Tracks like the imaginary drug paean (Tyler has always been sober) “Jamba” and “Domo23” showcase his honed ability to warp standard hip-hop production into funhouses of burping gurgles, while his flow proves to be limber without losing his signature snarling edge. “48” features the album’s most conventional yet accomplished beat, with sprinkles of horns and deflating organ parts as Tyler parses out a story of a well-meaning drug dealer who constantly apologizes for his profession as he puts food on the table: “I sold that soap and I killed black folk, I’m sorry / But I got a nice car, put my sister through school while my momma all cool, I’m sorry / I’m in too deep and I can’t see the shore, I’m sorry.”

While Tyler’s beats seem friendlier, they still remain in line with his favored sonic textures of sea-sick synth lines, chintzy string parts, sparse lower key piano lines and nightmarish ambiance. The searing “Stan” homage “Colossus” and demented album centerpiece “PartyIsntOver/Campfire/Bimmer” bump with an uneasy lurch. Wolf’s trio of “love” songs — the stumbling hook-up of “Awkward,” the psychotically confused “IFHY” and the Coco Owino/Erykah Badu-assisted “Treehome 95” — all resemble fever dreams bouncing around Tyler’s subconscious.
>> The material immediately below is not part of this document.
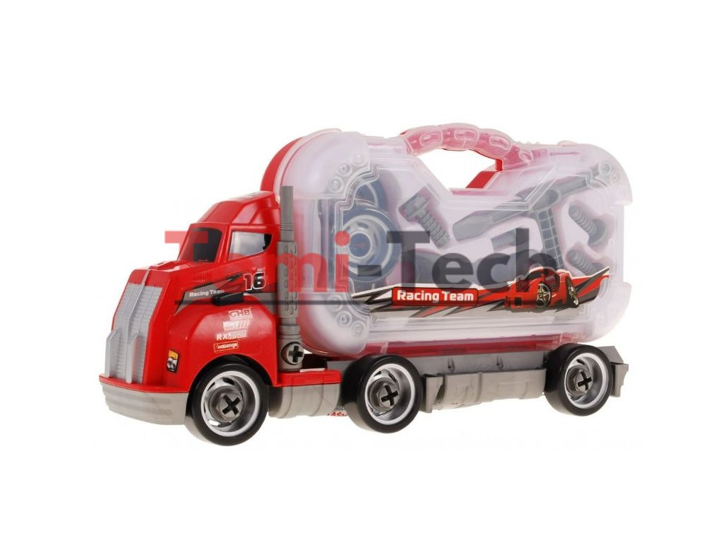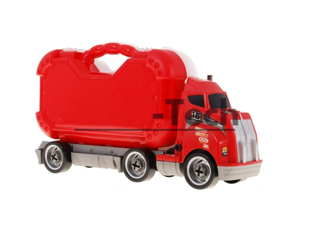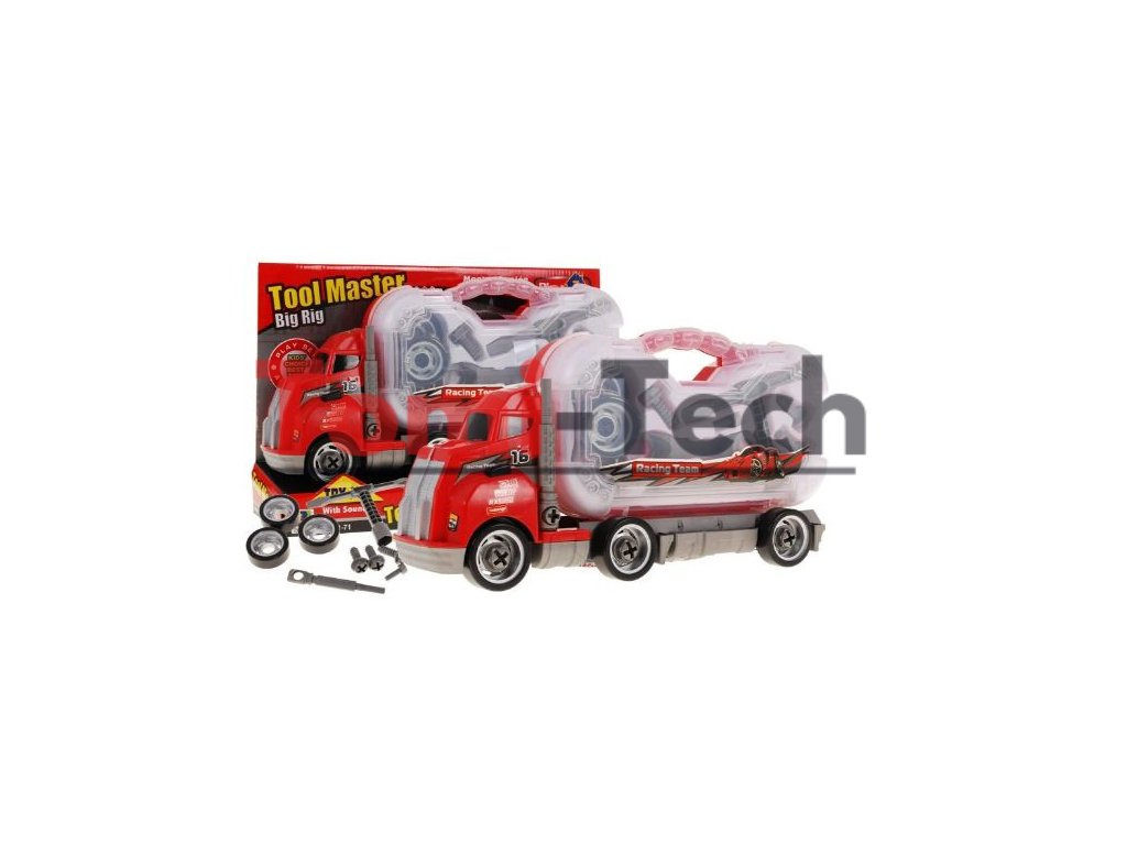 V sade sa nachádza:červený nákladiak,kufrík so skrutkami, náradím a náhradnými kolesami

And that subconscious is on full display, with his anarchic sociopathy set up in the opening vignette, “Wolf,” and anchored throughout the record with running conversations between his alternate personalities: Wolf (a more extreme version of Tyler), Sam (a more extreme version of Wolf) and the vocoder-masked TC (short for Tyler’s conscience). It’s early Eminem for the GIF generation.
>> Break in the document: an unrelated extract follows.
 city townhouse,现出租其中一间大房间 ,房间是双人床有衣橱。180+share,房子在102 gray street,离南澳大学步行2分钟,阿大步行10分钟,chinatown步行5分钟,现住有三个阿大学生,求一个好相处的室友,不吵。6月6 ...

The palpable depression of “Answer,” again with deflated organs and a brittle guitar line, has Tyler speaking not to an alter ego but directly to the father he never knew, rebuking him while sarcastically thanking him for his success: “Now I’m stuck with this shitty facial hair/ Also stuck with a beautiful home with a case of stairs / So you not being near fucking fire-started my damn career.” Tyler’s self-conscious angst boils over on “Rusty,” as he takes aim at his entire trajectory by dismissing his alleged homophobia (“Saying I hate gays even though Frank [Ocean] is on 10 of my songs”), his dissolved underground credentials (“Hated the popular ones, but now I’m the popular one”) and his ultimately hollow VMA win for “Yonkers” (“And MTV could suck my dick, and I ain’t fuckin’ playing / Bruh, they never played it, I just won shit for their fucking ratings”).

It’s a chillingly convincing performance, showing Tyler’s obvious development as a lyricist who has outgrown the confines of his own shit-stirring youth and demands that his distinctively challenging vision be assessed on its own merits, outside of what the world has decided he represents. The songs may not stick in your brain the way his most outrageous lyrics do, but ultimately, Wolf is a success because Tyler has sharpened his musical aesthetic without dampening the visceral bite of his independent roots.

Best Track That’s Not The single: “Rusty” finally offers Tyler’s brutally honest and pointed response to his rise to fame, his detractors and his future as a rapper.

Best Listened To When: Skateboarding and loitering outside the Circle K on Prarie Ave. in the Hawthorne neighborhood of Los Angeles.